Ghana: World Bank says low exposure to China debt aided country’s restructuring negotiations
The World Bank Group says Ghana has a relatively lower exposure to loans from China compared to its African peers such as Zambia and Ethiopia.
The Bretton Wood Institution in its April 2024 Africa Pulse Report, noted that Ghana accounts for 7% of the share of Public and Publicly Guaranteed (PPG) external debt owed to China.
This is against the 25% and 36% share of Public and Publicly Guaranteed (PPG) external debt owed to China by Ethiopia and Zambia respectively.
According to the World Bank, Ghana’s lower exposure to China and other creditors has enabled the country to reach or be close to reaching agreements with its external creditors.
“In January 2024, the Official Creditor Committee (OCC) reached an agreement in principle with the Government of Ghana on the terms of the treatment of official bilateral debt.

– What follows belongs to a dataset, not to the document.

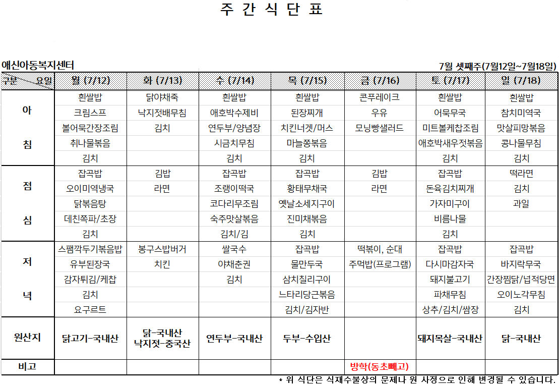 7월 첫째 주 주간식단표  (0) 2021.06.25

Debt restructuring negotiations allowed the International Monetary Fund to conclude financing programmes and the World Bank to provide large positive net flows at highly concessional or grant terms”, the Word Bank noted.
The report continued that many low-income and lower-middle-income countries in Sub-Saharan Africa have accumulated debt burdens—as reflected by their high levels of public debt and increased debt service.
During the past decade, public debt increased rapidly, and the composition of PPG external debt shifted from bilateral creditors to private creditors and non–Paris Club governments.
Consequently, it said the larger share of debt owed to private creditors and non–Paris Club governments has not only complicated debt restructuring negotiations but also raised the debt service burden.
High policy rates in advanced economies have also recently further increased interest payments on debts owed by low-income countries.